Mac Betty bright Mac force of love Mac reel sexy Mac Vegas volt Napoleon perdis hara (so gorgeous!)


----------



## katred (Nov 26, 2013)

I see a couple of people have mentioned Vegas Volt. That was my very first coral lipstick and, although it's tricky for me to get it to _really_ work on me, I can't bring myself to part with it for sentimental reasons. Looking at it objectively, I have to say it's Mac at their finest- pigmented, original, long-lasting.


----------



## LiliV (Nov 26, 2013)

katred said:


> I see a couple of people have mentioned Vegas Volt. That was my very first coral lipstick and, although it's tricky for me to get it to _really_ work on me, I can't bring myself to part with it for sentimental reasons. Looking at it objectively, I have to say it's Mac at their finest- pigmented, original, long-lasting.

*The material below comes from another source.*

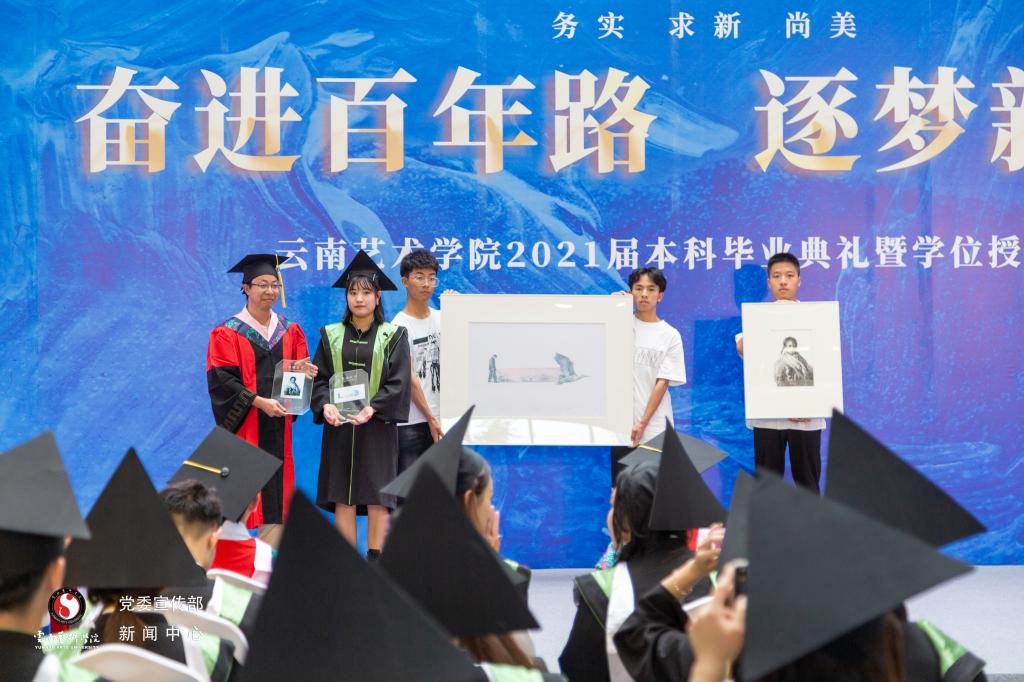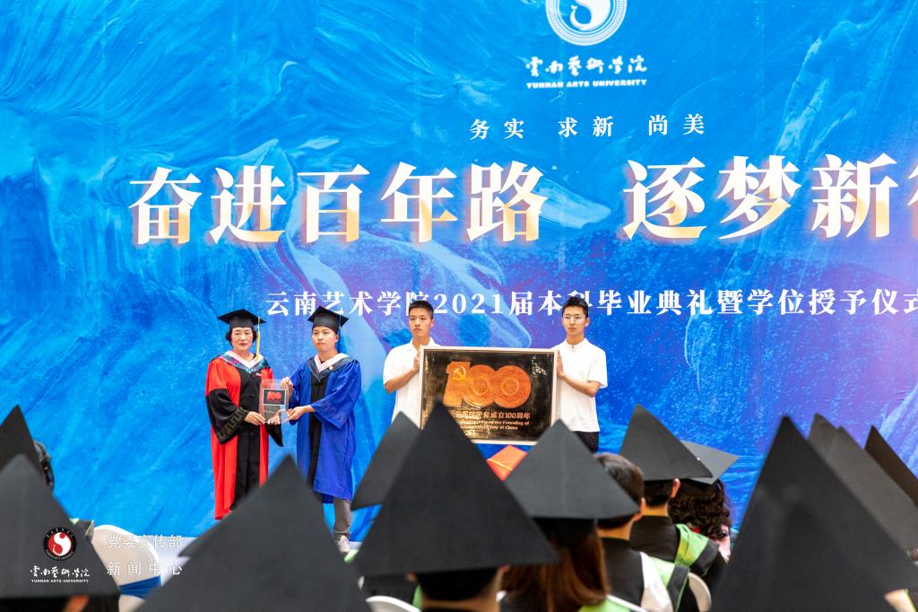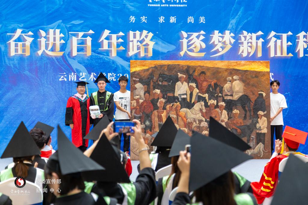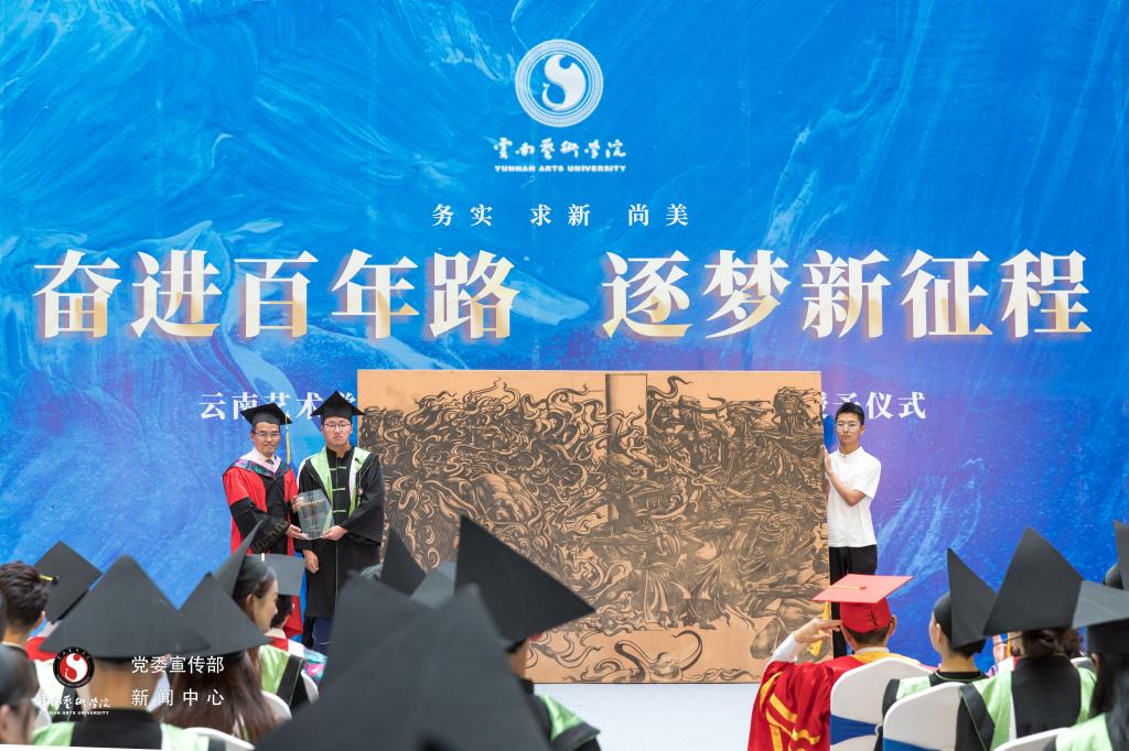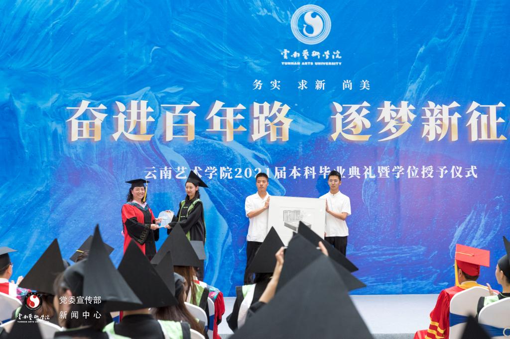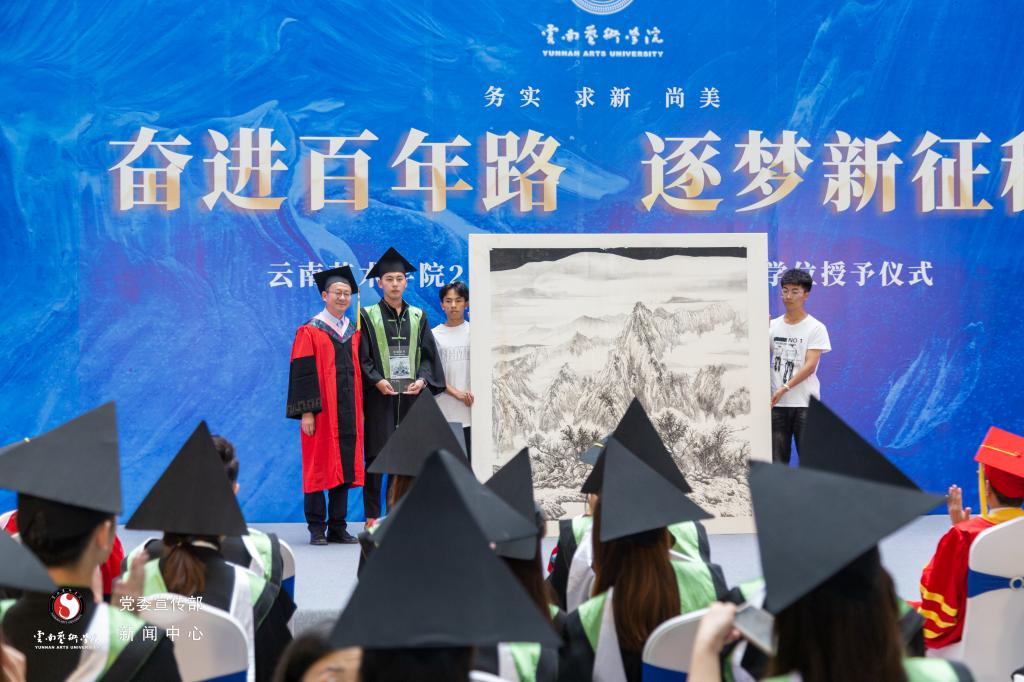 文艺演出展示出云艺学子对专业的坚韧态度,未来云艺人也将继续在热爱的舞台上发光发亮。随后,所有老师及毕业生移步图书馆,进行“谢师礼”、“毕业生作品捐赠仪式”、“拨穗仪式”。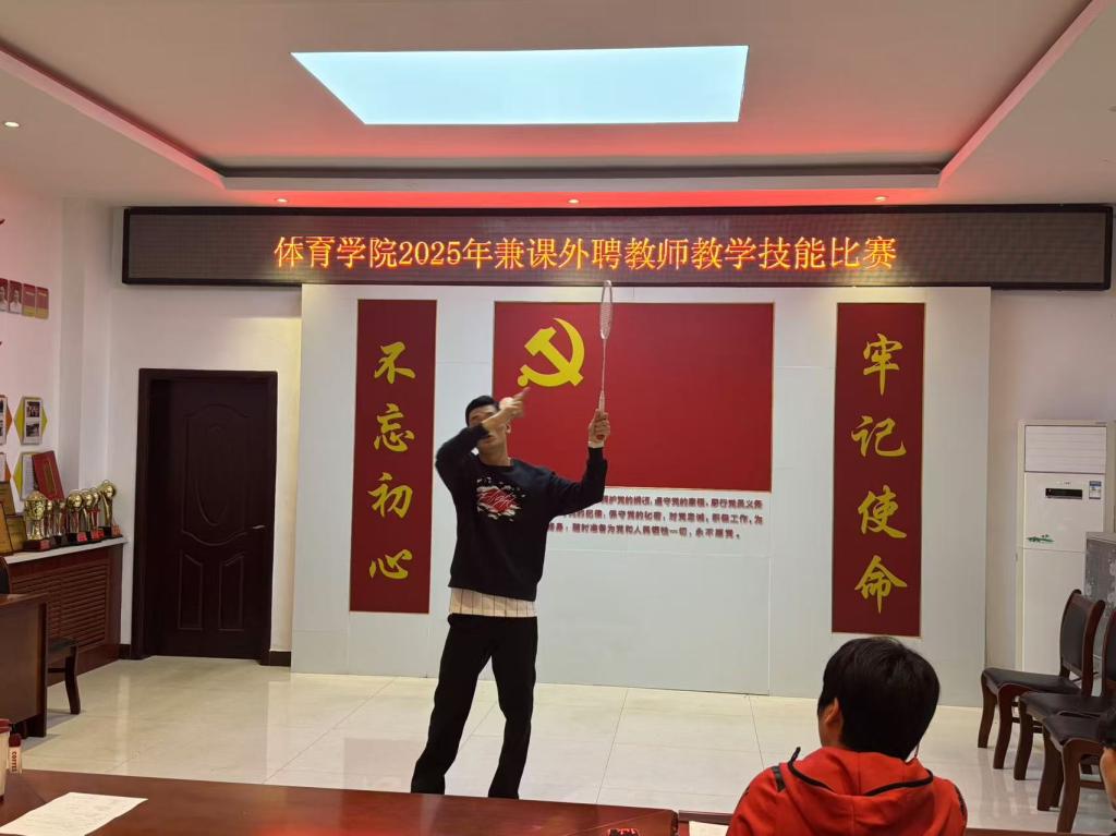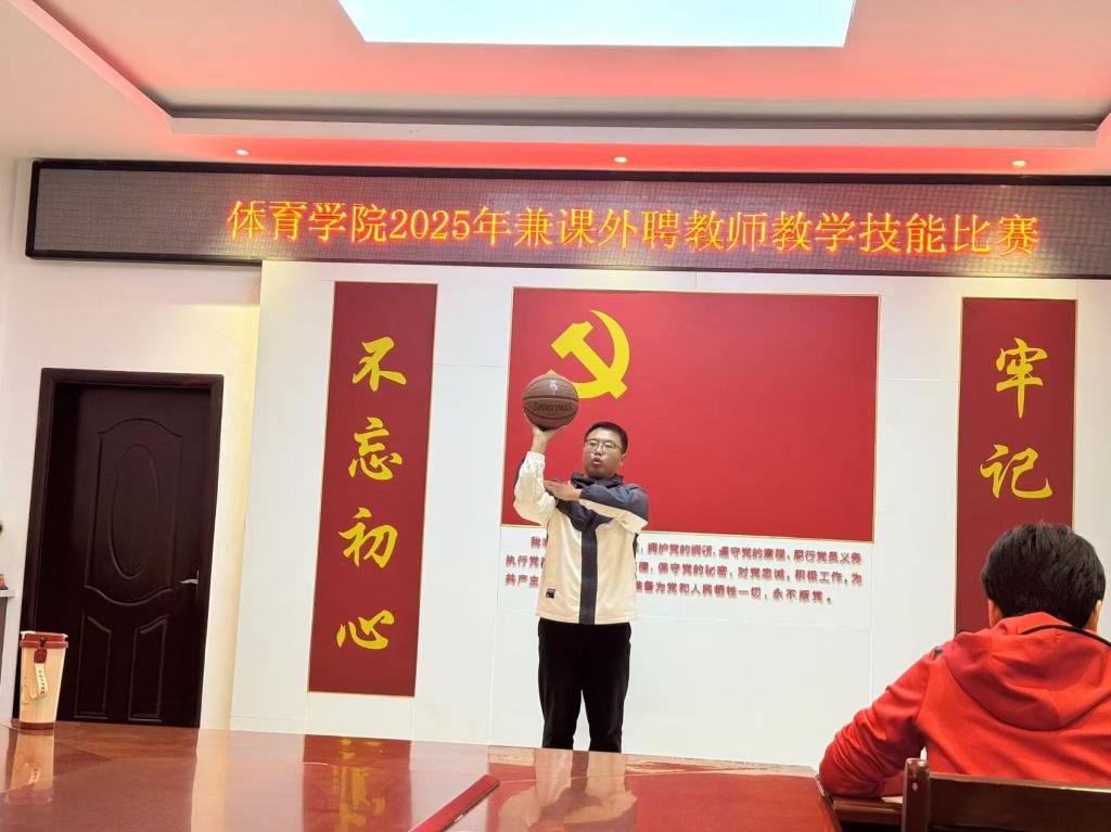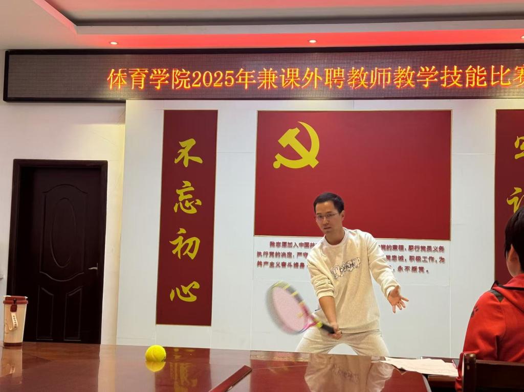比赛现场气氛热烈、秩序井然。来自各专业方向的兼课外聘教师依次登台,按照“15分钟微课教学+5分钟技能展示”的流程展开角逐。微课教学中,教师们围绕篮球、乒乓球、羽毛球、网球等课程内容,精心设计教学环节,通过生动讲解、规范示范和趣味互动,将专业知识与实践操作有机融合,展现出扎实的教学功底与良好的课堂掌控力。

  Vegas Volt is hard for me to wear full force but it makes such a gorgeous stain if you apply it lightly!


----------



## jaeljasmine (Nov 26, 2013)

katred said:


> I see a couple of people have mentioned Vegas Volt. That was my very first coral lipstick and, although it's tricky for me to get it to _really_ work on me, I can't bring myself to part with it for sentimental reasons. Looking at it objectively, I have to say it's Mac at their finest- pigmented, original, long-lasting.


 Have you tried Costa Chic? I find it's similar to Vegas Volt but perhaps a little more wearable? Well for me anyway.


----------



## baxterina (Nov 27, 2013)

Yesterday got Guerlain Rouge Automatique Shine 220 Pour Troubler.
  It's cold pink coral - not too sophisticated.
  Casual I'd say and it's very good.
  What I like about is that colour is buildable.
  And it's not too shine - that's just the name.


----------



## katred (Nov 29, 2013)

jaeljasmine said:


> I find it's similar to Vegas Volt but perhaps a little more wearable? Well for me anyway.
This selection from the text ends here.